# Estimate a Transfer Function from Data

I have been given the frequency response and step response of a closed loop system, with a known k value. What would be the best method to find the transfer function?

The following is only true if you assume a linear plant model. You have the frequency response $|G(j\omega)|$ and $\varphi(\omega)$, hence you can rewrite the result as $$G(j\omega)=|G(j\omega)|\exp\left[j\omega+j\varphi(\omega)\right].$$

Now, you need to come up with candidate functions of the following form

$$\hat{G}(j\omega)=\dfrac{\sum_{m=0}^{M}b_m(j\omega)^m}{\sum_{n=0}^{N}a_n(j\omega)^n}.$$

Normally, we would start off with simple transfer functions and choose a more complicated one, if we are not satisfied with the fit.

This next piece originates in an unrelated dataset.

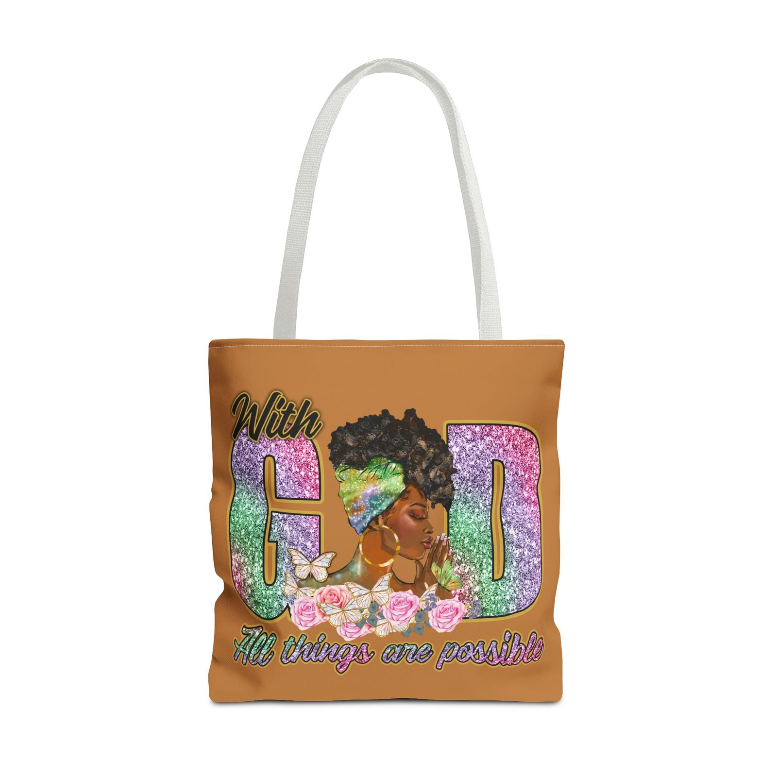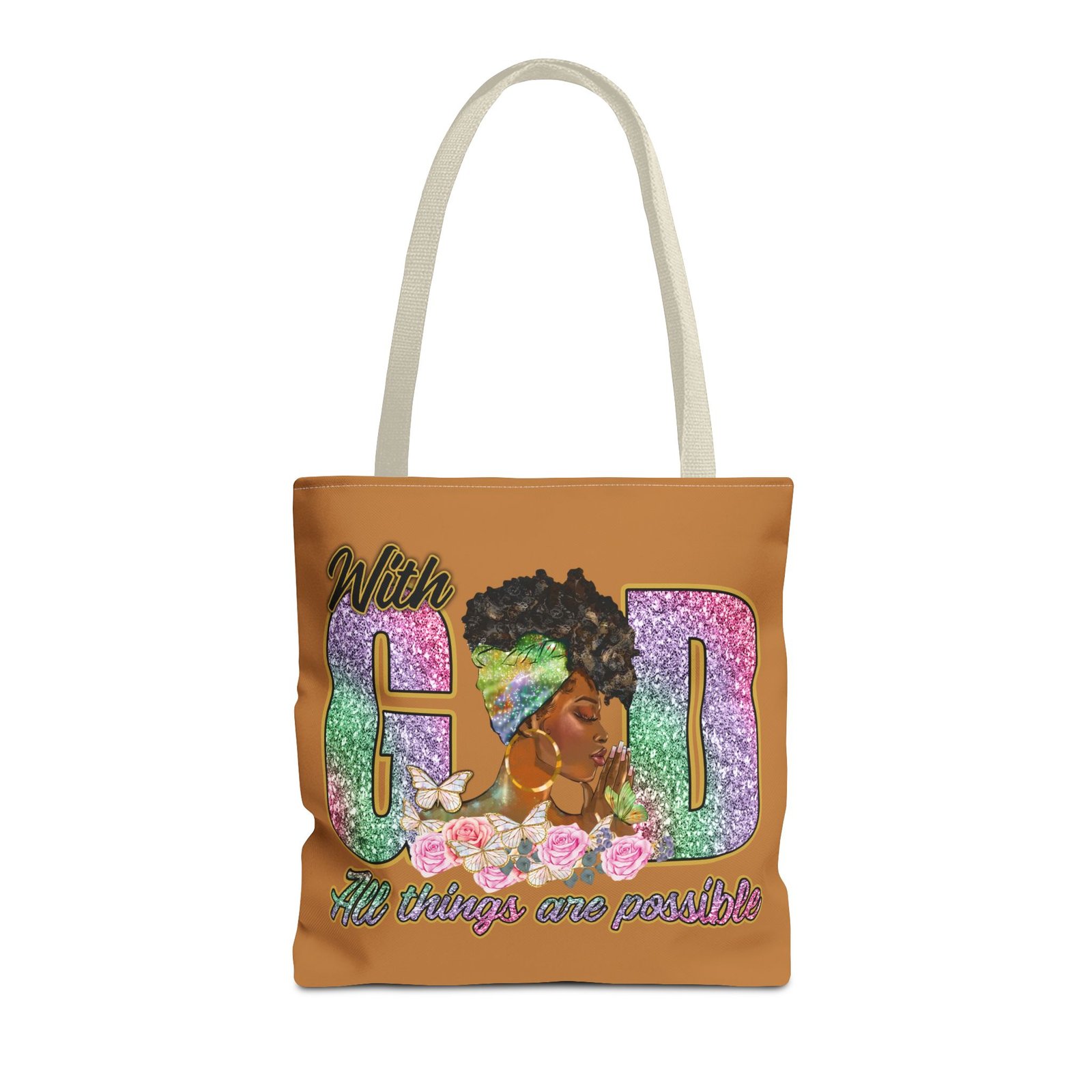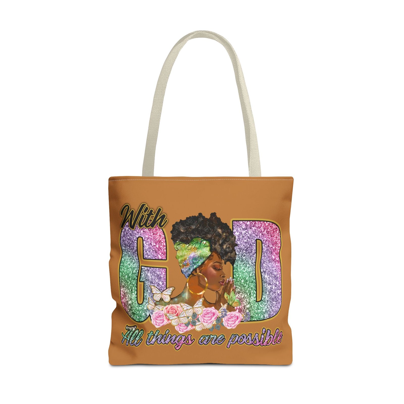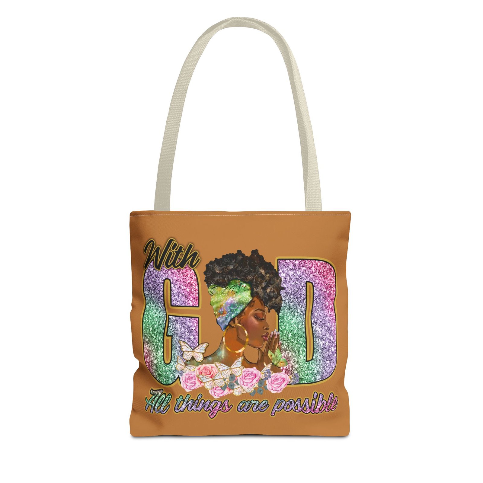 This bright, roomy tote brings bold confidence and quiet faith into every errand, meeting, or church gathering. The front panel features a vibrant portrait of a woman with a stylish headwrap woven into large, glitter-like letters that read ‘With God’ and a floral base that carries the uplifting line ‘All things are possible.’ The sunny background and contrasting black handles make the artwork pop while the boxed corners add structure and space for groceries, books, or a planner. Carry it over your shoulder and feel seen — it’s the kind of bag that holds your essentials and your quiet declarations of hope.

The goal is to determine the set of parameters $a_n$ and $b_m$. In order to do this, you could minimize the objective function

$$F(a_0,...,a_N,b_0,...,b_M)=\sum_{i=1}^{K}\left[(G(j\omega_i)-\hat{G}(j\omega_i))\overline{(G(j\omega_i)-\hat{G}(j\omega_i))} \right],$$

in which the overline designates the complex conjugate and the index $i$ indicates the index of your measurements/data points, from which you have $K$ in total. You can use Excel/MATLAB/Python to automatically determine the parameters with a nonlinear optimization. After determining the parameters you should check if the fit is acceptable or not.

If you are using MATLAB you can also use the parameter identification toolbox for linear systems.